Because you need a sauce. Fish off of a baking tray or out of a frying pan is notoriously dull, nothing more than a dab of this herb or a dash of that condiment to make it palatable. Here’s where a slow cooker helps out. You can build a deep, rich sauce in the cooker, then put in the fish fillets to poach for a few minutes. Since most sauces take time to build their layers of flavor, you might as well hand the job over to the slow cooker. When you come home from work, you can slip the fish into that sauce and have dinner ready almost before you can pour the first glass of wine.
However, there are a couple of problems lurking around the corner. The availability of any one type of fish in your supermarket isn’t guaranteed. Because of production quotas, shipping traffic, and routine commodity auctions among suppliers, no one can ever be sure there will be red snapper fillets (or sole or tilapia, or what have you) lying on the ice at the fish counter on any given day.
To solve that problem, we’ve designed many of these recipes to be quite flexible. We’ve got a whole set designed to work with any number of thin fish fillets—anything from perch to flounder to rockfish. While there are subtle differences among the flavors of these fish, the various sauces we’ve created should smooth out any rough spots. And the same goes for thick fish fillets: haddock, pollock, halibut, cod, and the rest. We’ve crafted a second set of recipes to work with these. You can pick a recipe and walk into the supermarket, confident that you’ll find what you need among the many possibilities there.
About two-thirds of the way through this section of the book, we get into some recipes for specific types of fish: salmon, tuna, and swordfish most prominently, but also monkfish and black cod, available more sporadically. We felt that these fish stand apart from the watery herd: they have such a pronounced flavor and textural profile that they warrant their own creations.

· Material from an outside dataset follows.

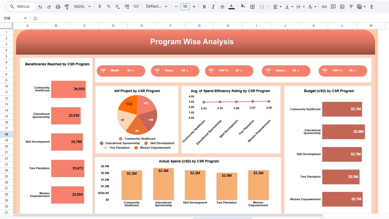Corporate Social Responsibility (CSR) programs play a vital role in building trust, sustainability, and long-term social impact. However, many organizations struggle to measure the true effectiveness of their CSR initiatives because data is scattered across multiple spreadsheets, reports, and manual trackers. As a result, leadership lacks visibility into budgets, beneficiaries, program efficiency, and overall impact.CSR Program Performance & Impact Dashboard in Google Sheets

All that said, there’s one last problem—and it’s fully yours to solve when you’re standing at the fish counter. How do you select a fresh fish fillet? Here are the four clues:
•
The flesh should be firm with no desiccated bits where the meat is pulling into distinct planes or where there are withered bits at the edges.
•
There should be no milky liquid on its surface, the first sign of rot.
•
There should be no opalescent sheen, a sign that the fillet is beyond its prime.
•
Most importantly, the fillet should have no fishy odor but rather a clean, bracing smell like ocean spray on a early spring morning at high tide.

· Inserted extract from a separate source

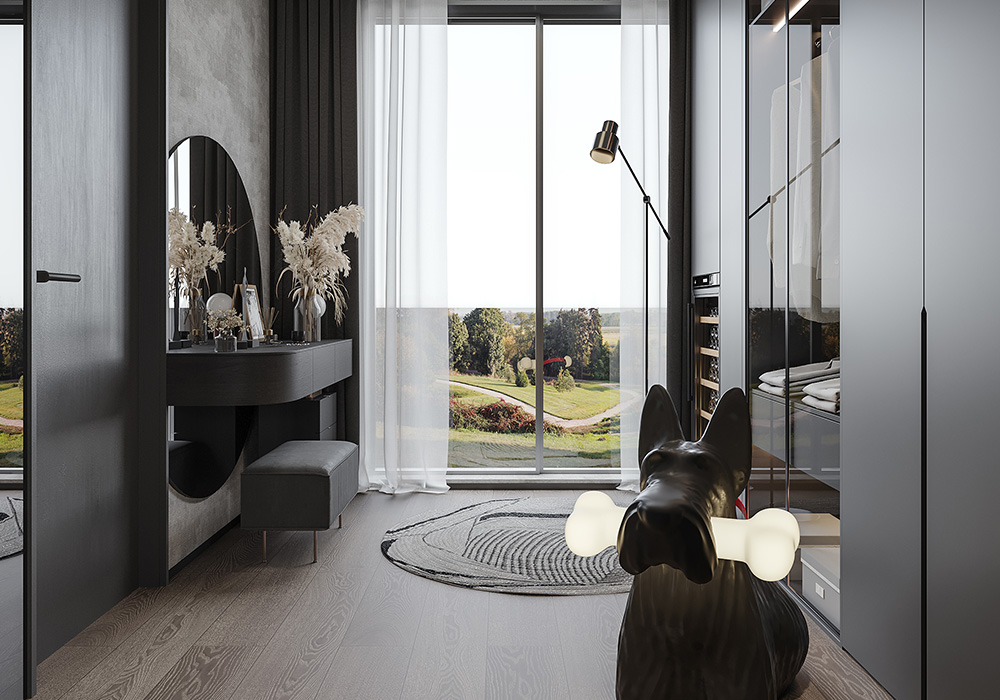 以夫妻二人的舒适生活为主,契和对于空间的深刻理解,使得环境独具特色的设计风格。想要表达以人为本的生活态度。 房屋有三房,动静分开,2楼整层是主任的居住空间,主卧以套房形式呈现~卧室、衣帽间、卫生间,家政区安放在一楼卫生间干区,晾晒区~拓展了2楼露台(方便洗晒)。

Armed with that knowledge, you’re now ready to step away from the country-style pork ribs or skinless chicken thighs and cook some fish in your slow cooker.
2- TO 3½-QUART
1 cup (about 1 medium) shredded zucchini, squeezed to remove moisture
¼ cup low-sodium vegetable broth
1½ tblsp minced shallot
1½ tblsp sliced pitted black olives
½ tblsp minced fresh dill fronds
½ tblsp olive oil
½ tblsp fresh lemon juice
⅛ tsp salt
⅛ tsp freshly ground black pepper
1 pound, cut into 2 or 3 pieces skinless thin white-fleshed fish fillets, fresh or frozen, thawed
4- TO 5½-QUART
2 cups (about 2 medium) shredded zucchini, squeezed to remove moisture
½ cup low-sodium vegetable broth
3 tblsp minced shallot
3 tblsp sliced pitted black olives
1 tblsp minced fresh dill fronds
1 tblsp olive oil
1 tblsp fresh lemon juice
¼ tsp salt
¼ tsp freshly ground black pepper
1¾ pounds, cut into 4 or 5 pieces skinless thin white-fleshed fish fillets, fresh or frozen, thawed
6- TO 8-QUART
3½ cups (about 2 large) shredded zucchini, squeezed to remove moisture
1 cup low-sodium vegetable broth
⅓ cup minced shallot
⅓ cup sliced pitted black olives
1½ tblsp minced fresh dill fronds
1½ tblsp olive oil
1½ tblsp fresh lemon juice
¾ tsp salt
¾ tsp freshly ground black pepper
3 pounds, cut into 7 or 8 pieces skinless thin white-fleshed fish fillets, fresh or frozen, thawed
1
Stir the zucchini, broth, shallot, olives, dill, olive oil, lemon juice, salt, and pepper in the slow cooker. Cover and cook on high for 2 hours, or until the mixture is bubbling and the vegetables have begun to get tender.